To say that the Royal
Pavilion is Brighton's answer to the Taj Mahal is
simply not true. Yes it is in some ways a palace built
for love, but a love for high spirits, perhaps women,
but not a woman. It is a blend of domes and minarets,
Indian on the outside and a much Chinese interior.
Some of its heart is just mouth watering, typically
the wonderful and ornate grand dining area. However
Prince George's practical ideas are seen just as well
with a very fine and well laid out kitchen and serving
area. Work started on what was a former farmhouse in
1783 and took 30 years and £500,000 to build;
huge money for the time. It really was the center of
fashion and social activities with Rossini performing
in the Music Room and Lord Byron pontificating to the
assembled nobilities. A visit costs £7.50 and
includes one of the best audio tours available. A slow
meander through the various staterooms and private
apartments can be broken with refreshments on the
terrace of the Queen Adelaide tearoom.
In order to stay alive
as a seaside resort Brighton has to cater for all
tastes. The single remaining pier, now renamed the
Brighton Palace Pier, is a tasteful and well-kept
throwback from a former age, except for the prices
charged by some of the attractions. The front, in
spite of some updating, is still very 1960s with three
of the major hotels definitely upgraded, but others
clearly catering for the coach party clientele at rock
bottom prices. The famous Lanes, once the home of
antique and jewelry emporiums still exists, and with
plenty of traditional shops seemingly thriving. But it
is also an area for trendy up-market boutiques and Al
Fresco restaurants. Walk down the famous Marine Parade
or take Volk's Electric Railway, a taxi, or your car
(there is plenty of free parking space) to the
Brighton Marina, opened as long ago as 1978 by The
Queen. Today it is a successful waterfront area with
cafes, shops and moorings for 1,500 yachts and boats.
The railway, by the way, is the oldest remaining
operating electric railway in the world opening to the
public on August 41883.
Brighton has always
been the home of the live theater and performing arts.
Available is less than in pre-TV times but
nevertheless within the next few months Buddy finds
itself on tour as well as Swan Lake for what is
probably a different audience. The magnificent
Brighton Dome, once the royal ridding stable, has just
played to Jackie Mason, solo for two hours, with
Elaine Page, another true international star, this
time British, on in November. There is the Corn
Exchange and the Brighton Pavilion Theater too.
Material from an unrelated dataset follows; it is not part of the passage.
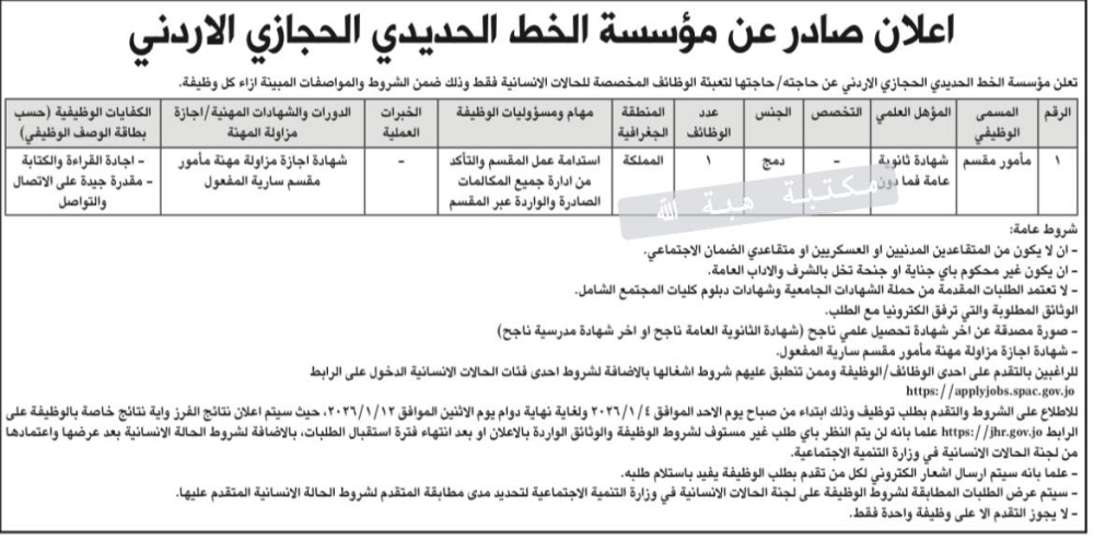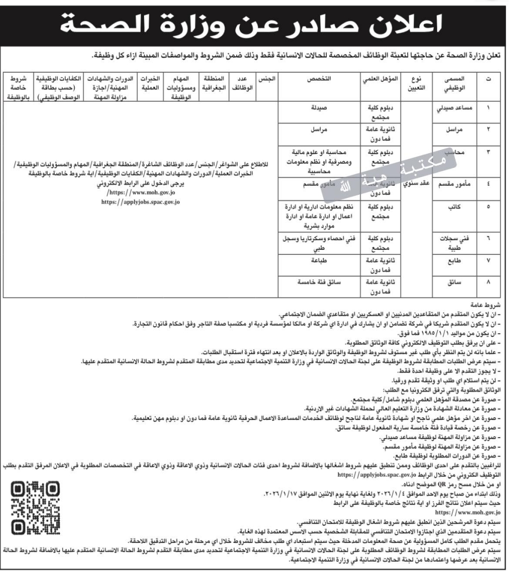 وبيّنت الجهات المعنية أن نشر رابط التقديم الإلكتروني سيبدأ اعتباراً من يوم الأحد الموافق 4/1/2026، على أن يتم الإعلان عن تفاصيل الوظائف، وشروط التقديم، وآلية الاختيار عبر الرابط المخصص لذلك.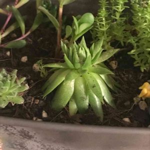 今日夜越山植物園の多肉フェアから連れて帰ってきました!旦那といいねーと話しながらレジ横のチビちゃんを購入したものの、帰ってきてから名前覚えてくるのを忘れてしまいました💦😞 この子のお名前は何でしょうか? 怪魔玉?峨眉山?

If
your stay in Brighton is for a week Sussex has much to
offer, whatever your taste or years. The Bluebell
Railway, Pevensey Castle and 1066, Parham House and
Gardens, Chichester, Arundel and Goodwood. Finally
Brighton Racecourse, set right on the edge of the
city, but really part of the rolling downs.
Magnificent.
Brighton has three
major hotels on the front. The Thistle, The De Vere
Grand, and the Hilton Metropole. Whilst the first two
have seen renovation in recent years it is the Hilton
Metropole that is now in the middle of a major,
£7.5m renovation project. The breakfast can't be
beaten, the indoor swimming pool fine for both the
serious water buff and the family, but the bedrooms,
whilst adequate, cannot compete with the huge, land is
of no consequence, type of property, prevalent
typically in the United States. It is a comfortable
residence.
Brighton is still an
easy train ride from London or via the M23 (for
Gatwick) by road. It is a throwback in some ways from
yesteryear, but it does have a charm all of its own.
Choose a week or weekend when the theater is at its
best, visit the Royal Pavilion. Eat well and
surprisingly cheaply. You won't be disappointed.